BEIRUT — A Kurdish-led force fighting the Islamic State group with the support of U.S. troops will close in on the extremists’ de facto capital Raqqa within a few weeks, but the battle for the city will be difficult, a U.S. military official said Thursday.

Air Force Col. John Dorrian said the U.S. force consisting of a couple of hundred Marines that arrived in the region south of the Syrian-Turkish border on Wednesday will not have any front-line roles but will provide artillery fire to support the advance of the Kurdish-led Syrian Democratic Forces.

“The intent of their presence is to provide all-weather fire support, artillery fire to support their advance as they continue the isolation of Raqqa,” he said. “This is just some added firepower that will be very difficult for the enemy to deal with.”

The deployment reflects Washington’s deeper involvement in Syria under the administration of President Trump and thrusts the U.S. further into a difficult diplomatic entanglement.

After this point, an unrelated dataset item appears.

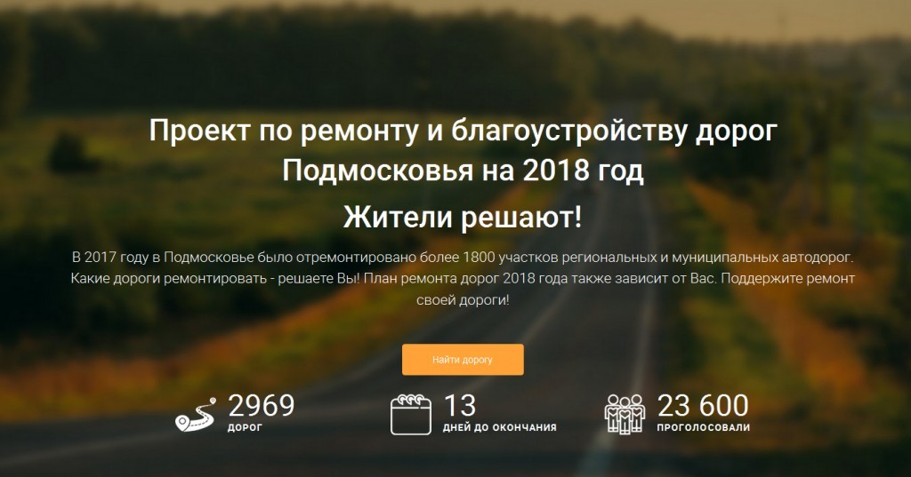С 25 декабря по 1 февраля на портале «Добродел» проходит народное интернет-голосование по включению дорог Московской области в программу ремонта 2018 года. Каждый житель может оставить свой голос за ремонт региональной или муниципальной дороги в программу первоочередного ремонта. Всего в список на голосование вынесено более 2,5 тыс объектов на региональных и муниципальных дорогах области. Большую часть дорог, вынесенных на голосование, определили по итогам сбора предложений, проходившем также на портале «Добродел».

Dorrian told The Associated Press by telephone that the U.S.-backed force will close in on Raqqa within a few weeks and warned that the battle for the city will likely be difficult as the extremists are well entrenched. He said a complicating factor is that the U.S. does not have a partner government to work with in Syria as is the case in Iraq.

The U.S. already had some 500 advisers working with the Syrian Democratic Forces in addition to a force of 400 that arrived more recently, Dorrian said. He said the troops include U.S. Army Rangers already in Syria.

The SDF, a coalition of Kurdish, Arab and Christian fighters, has been the most effective force fighting the Islamic State group in Syria. The SDF has been on the offensive in the Raqqa area since November under the cover of airstrikes by the U.S.-led coalition with the aim of eventually besieging the city before storming it.

Dorrian said the SDF “made excellent progress and the enemy hasn’t been able to stop them from doing the things that they set out to do.” He added that SDF fighters have so far captured about 2,471 square miles of terrain from the radical militants.

“That’s excellent progress,” Dorrian said, adding that SDF fighters have also cut many supply lines used by ISIS to try to either escape from the city “or to have fighters leave the area and conduct terrorist operations elsewhere away from Iraq and Syria.”

Dorrian said the SDF will need a “few more weeks” to completely isolate Raqqa and a decision will be made about the timing “of the liberation battle to begin.”